Treasury longer-maturity notes and bonds are heading for a third monthly decline before the Federal Reserve meets this week to discuss whether to taper its $85 billion a month debt- purchase program. Pending sales of previously owned U.S. homes declined in June while a report July 31 may show gross domestic product expanded at a 1 percent annualized rate last quarter.
"Moves will be exacerbated as we get closer toward GDP and the unemployment number," said Michael Franzese, senior vice president of fixed-income trading at ED&F Man Capital Markets in New York. "It’s a slow, quite, illiquid market."
The benchmark 10-year yield rose two basis points, or 0.02 percentage point, to 2.58 percent as of 10:01 a.m. in New York, according to Bloomberg Bond Trader data. The price of the 1.75 percent note due May 2023 was 92 27/32. The yield reached 2.63 percent on July 25, the most since July 10.
U.S government securities due in 10 years and more dropped 1.5 percent in July, according to the Bloomberg U.S. Treasury Bond Index, amid speculation the central bank is moving toward reducing debt purchases. Treasuries have lost investors 2.6 percent this year, according to Bank of America Merrill Lynch indexes.
Ten-year yields will climb to 2.64 percent by year-end, according to a Bloomberg survey with the most recent projections given the heaviest weightings.
The Treasury is scheduled to announce its quarterly funding needs on July 31, and a survey of the 21 primary dealers shows government sales will be cut by $40 billion to $100 billion during the next year.
About two-thirds of those responding, including Goldman Sachs Group Inc. and JPMorgan Chase & Co., see reductions this year, possibly as soon as next month. The U.S. issued $2.153 trillion in 2012.
The Fed, which has been buying $45 billion of Treasuries and $40 billion of mortgage bonds each month to put downward pressure on borrowing costs, will start trimming purchases in September, according to economists.
The central bank will meet on July 30-31 after keeping its target for overnight lending in a range of zero to 0.25 percent since December 2008. Policy makers said in a June 19 statement that leaving the federal funds rate in that range "will be appropriate at least as long" as unemployment remains above 6.5 percent and the forecast for inflation in one-to-two years doesn’t exceed 2.5 percent.
"Data this week may be mixed, but I don’t think it will put the skids under the U.S. economic recovery," said Peter Chatwell, a fixed-income strategist at Credit Agricole Corporate & Investment Bank in London.

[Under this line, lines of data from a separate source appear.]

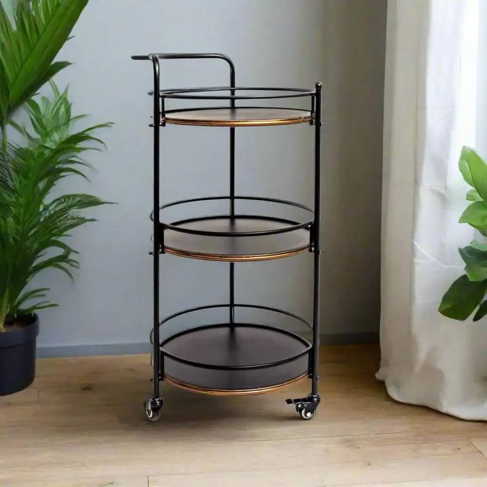 Chariot de service en métal design pour les maisons modernes avec une touche de luxe, parfait pour une présentation élégante dans la salle à manger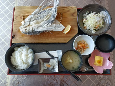飛魚の味はうす塩で一夜干しで旨味をを増した飛魚を開きにして唐揚げしたもの。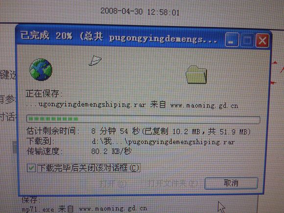 通过茂名信息港的宽带网络测试,(测试过程没开BT软件)得到的结果是: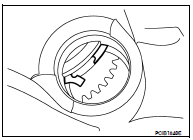 2. Install differential side bearing outer race onto differential side bearing on final gear side. Holding lightly differential side bearing outer race horizontally by hand, rotate final gear five times or more (for smooth movement of bearing roller).

The index of pending home sales dropped 0.4 percent, less than forecast, to 110.9 in June after climbing a month earlier to the highest level since December 2006, figures from the National Association of Realtors showed today in Washington. The median forecast in a Bloomberg survey of 40 economists called for a 1 percent decline.
A report Aug. 2 may show the unemployment rate dropped to 7.5 percent, from 7.6 percent and the U.S. added 185,000 jobs in July, compared with 195,000 the previous month.
Treasury trading volume was $196.1 billion on July 26 at ICAP Plc, the largest inter-dealer broker of U.S. government debt. Volume has averaged $278 billion a day this month, versus $446 billion a day in June.
Volatility as measured by the Merrill Lynch Option Volatility Estimate MOVE Index was 81.64 on July 26. The gauge has fallen from 117.89 on July 5, which was the highest level since December 2010.